AMD has denied claims that, facing financial difficulties, it is exploring the possibility of splitting itself down the middle into separate graphics and general-purpose processor divisions - undoing its acquisition of GPU specialist ATI Technologies from 2006.
Advanced Micro Devices, now known simply as AMD, has long been the underdog of the processor world. Founded in 1969 by former Fairchild Semiconductor employees, who had seen their colleagues Robert Noyce and Gordon Moore leave the company to found Intel the year prior, AMD's start came in acting as a second-source supplier for other companies' logic chip IP. Its own designs soon followed, then diversification: RAM chips in 1971 and microprocessors in 1975 - its first being a reverse-engineered clone of rival Intel's 8080, along with its own Am2900 bit-slice microprocessor family. That's not to say that there was bad blood between the two companies, founded by former co-workers: in 1981, Intel and AMD signed a ten-year agreement to share x86 processing technology in order to fulfil IBM's requirement that the processor used in its Personal Computer (PC) family had second-source suppliers available.

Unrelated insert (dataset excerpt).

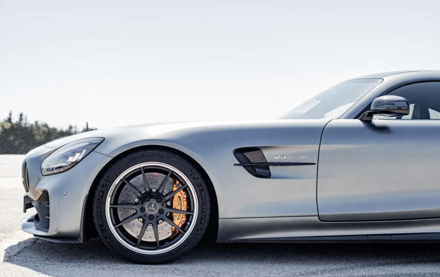 Calafat, Spain, April 18, 2021: detail side view of a mercedes benz AMG GT R, parked in the waiting area before leaving for the circuit. Supercar rally in Tarragona, Spain.

The company continued to diversify its product portfolio in the years that followed, piggybacking on Intel's designs in the x86 market while also adding tweaks of its own, launching industry-first EPROM products and modem chips, and even shifting from DRAM to CMOS memory parts following a downturn in the market. In 1991, at the end of its technology-sharing agreement with Intel, AMD launched the Am386 - compatible with its rival's 80386 family, and the competition really took off. In the following years, AMD and Intel would trade blows, although it wasn't until the release of the ill-fated Pentium 4 that AMD would convincingly take the performance lead from its former partner company.
With the Pentium 4 retired and Intel once again on top, AMD diversified once more with the acquisition of graphics specialist ATI Technologies, formerly known as Array Technology Incorporated, in a 2006 deal valued at $5.4 billion in cash and shares. The ATI brand was subsequently retired in favour of AMD's own, with the gaming line going under the well-recognised Radeon moniker to this day. Financial trouble for the underdog company would lead to a spin-off of its manufacturing operations as GlobalFoundries in 2008, and in the years since numerous job losses and cut-backs have followed as Intel - now well on top in the general-purpose CPU performance stakes - and graphics rival Nvidia continue to eat the company's market share.
The reason for the history lesson: newswire agency Reuters
reported late last week that AMD was investigating spinning off its graphics division, returning what was once ATI to independent control as a means to stem the company's losses in the face of a 26 per cent year-on-year decline in revenue. The claims of Reuter's anonymous source, however, have been soundly denied by the company itself. 'AMD provided official confirmation that we have not hired an outside agency to explore spinning-off/splitting the [graphics and general-purpose CPU divisions of the] company,
' spokesperson Sarah Youngbauer explained in a statement released to press over the weekend. 'We remain committed to the long-term strategy we laid out for the company in May at our Financial Analyst Day, which encompasses all parts of the business.